* _AIM OF THE EXERCISE_
Reproduce the listing below from the line with "RGB 89,53,211 Color" to the line with "w Zelowie |", both lines included, character for character, minus any pictures.

* _MATERIAL PROVIDED_
※
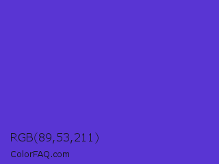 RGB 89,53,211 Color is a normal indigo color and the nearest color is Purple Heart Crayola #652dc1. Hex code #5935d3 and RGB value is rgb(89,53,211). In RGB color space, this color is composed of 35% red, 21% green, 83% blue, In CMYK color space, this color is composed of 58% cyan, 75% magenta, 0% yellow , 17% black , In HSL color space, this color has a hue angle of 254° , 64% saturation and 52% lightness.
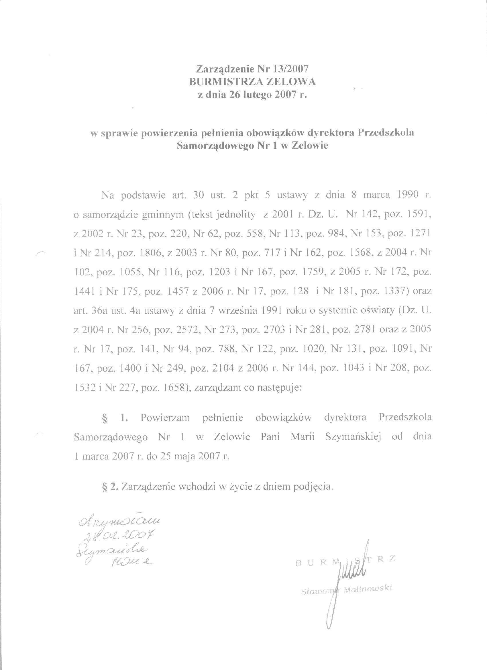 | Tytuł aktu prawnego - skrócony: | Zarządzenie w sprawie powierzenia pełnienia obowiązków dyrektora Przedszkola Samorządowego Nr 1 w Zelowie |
※
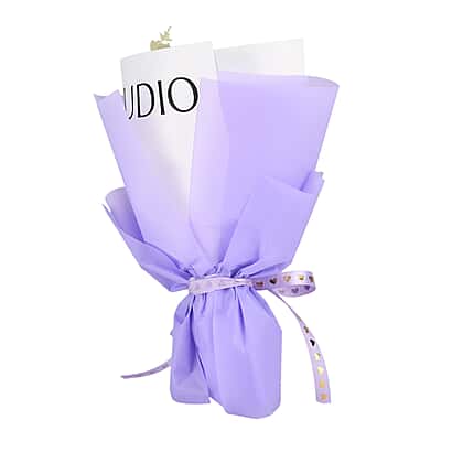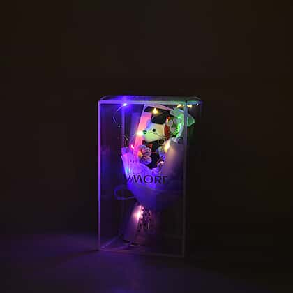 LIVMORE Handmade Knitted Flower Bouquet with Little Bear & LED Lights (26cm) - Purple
※
* _ANSWER SPACE_
 RGB 89,53,211 Color is a normal indigo color and the nearest color is Purple Heart Crayola #652dc1. Hex code #5935d3 and RGB value is rgb(89,53,211). In RGB color space, this color is composed of 35% red, 21% green, 83% blue, In CMYK color space, this color is composed of 58% cyan, 75% magenta, 0% yellow , 17% black , In HSL color space, this color has a hue angle of 254° , 64% saturation and 52% lightness.
 | Tytuł aktu prawnego - skrócony: | Zarządzenie w sprawie powierzenia pełnienia obowiązków dyrektora Przedszkola Samorządowego Nr 1 w Zelowie |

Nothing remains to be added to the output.